Stavropoulos in 2005 began a two-year sentence following a felony conviction for running a multistate bookmaking ring, while Giorango would serve six months intermittent confinement on a felony for promoting a nationwide prostitution scheme as Broadway financed their land deals from downtown Chicago to Florida, California and South Carolina.
In the most complete examination yet of Broadway's loans to the pair, the Tribune found more than $27 million worth of mortgages to Giorango and his land trusts and companies since 1999. Stavropoulos took part in many of those deals. Broadway officials have cited privacy laws in declining to document the full extent of their business with the men. The new figures exceed reported totals by about $7 million.
Shortly after Broadway began lending money to a Chicago firm the pair formed, Giorango and Stavropoulos used that company to launch their own lending business and make more than 40 short-term loans to borrowers who might not qualify for traditional bank financing, the Tribune found. Such so-called hard-money loans are typically riskier than long-term mortgages offered by banks.
Broadway officials say they were unaware of the pair's lending operation and believe the bank's loans were used solely to fund real estate purchases. They acknowledged they did not inspect or audit the company's business records, though Broadway's loan provisions allowed the bank to do so.
In a two-hour interview this week with the Tribune, Giannoulias' older brother, Demetris Giannoulias, the bank's president and CEO, said he established Broadway's relationship with Giorango in the mid-1990s. Giorango began investing in Chicago properties after completing two federal prison stints for running bookmaking schemes.
Demetris Giannoulias described Giorango as an account holder who at first used relatively small loans for real estate ventures that proved successful. As those ventures grew more ambitious, Broadway advanced more than $6 million to Giorango or his land trusts and companies between 1999 and mid-2004, land records show.
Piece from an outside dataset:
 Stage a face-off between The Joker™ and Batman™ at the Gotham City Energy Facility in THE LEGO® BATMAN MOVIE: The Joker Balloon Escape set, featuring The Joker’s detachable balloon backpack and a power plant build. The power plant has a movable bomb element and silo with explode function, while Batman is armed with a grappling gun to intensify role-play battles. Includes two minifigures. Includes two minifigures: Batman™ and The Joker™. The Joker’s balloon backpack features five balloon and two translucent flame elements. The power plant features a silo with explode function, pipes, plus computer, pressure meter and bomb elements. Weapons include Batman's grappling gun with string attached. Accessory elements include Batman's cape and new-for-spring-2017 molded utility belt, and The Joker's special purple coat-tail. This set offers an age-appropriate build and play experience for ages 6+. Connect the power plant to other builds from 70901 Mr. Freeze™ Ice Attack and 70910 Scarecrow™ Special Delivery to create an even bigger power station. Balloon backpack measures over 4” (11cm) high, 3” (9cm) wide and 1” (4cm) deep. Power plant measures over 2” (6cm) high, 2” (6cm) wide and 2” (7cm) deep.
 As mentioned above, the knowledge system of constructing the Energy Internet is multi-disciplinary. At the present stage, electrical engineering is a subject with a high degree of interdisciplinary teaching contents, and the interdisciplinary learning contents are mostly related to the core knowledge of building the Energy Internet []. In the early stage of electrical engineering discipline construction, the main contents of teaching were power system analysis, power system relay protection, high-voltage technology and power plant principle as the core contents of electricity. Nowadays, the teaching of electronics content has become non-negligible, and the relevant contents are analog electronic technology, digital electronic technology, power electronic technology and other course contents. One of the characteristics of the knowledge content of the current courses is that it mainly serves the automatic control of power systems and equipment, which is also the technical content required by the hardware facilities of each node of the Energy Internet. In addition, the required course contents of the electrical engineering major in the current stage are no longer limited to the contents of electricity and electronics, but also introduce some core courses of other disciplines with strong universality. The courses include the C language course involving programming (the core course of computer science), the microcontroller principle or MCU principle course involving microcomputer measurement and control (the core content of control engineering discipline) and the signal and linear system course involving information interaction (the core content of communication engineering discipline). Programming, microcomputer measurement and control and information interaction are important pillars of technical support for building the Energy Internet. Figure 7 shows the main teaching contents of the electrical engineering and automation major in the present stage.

In part because those loans "performed," Demetris Giannoulias said, the bank felt comfortable launching the spate of new financing beginning in mid-2004. Alexi Giannoulias, who started his professional career at the bank in 2002, said in his statement that he was "one of" the senior loan officers at the bank and was not a member of the loan committee that approved the financing for Giorango.
Alexi Giannoulias' role was limited to "getting the appraisals ordered, getting the loan documents prepared, coordinating with attorneys, getting commitment letters prepared. All that kind of stuff," Demetris Giannoulias said. Demetris Giannoulias said the bank learned of Giorango's bookmaking and prostitution promotion convictions from a spring 2004 Tribune report detailing those cases.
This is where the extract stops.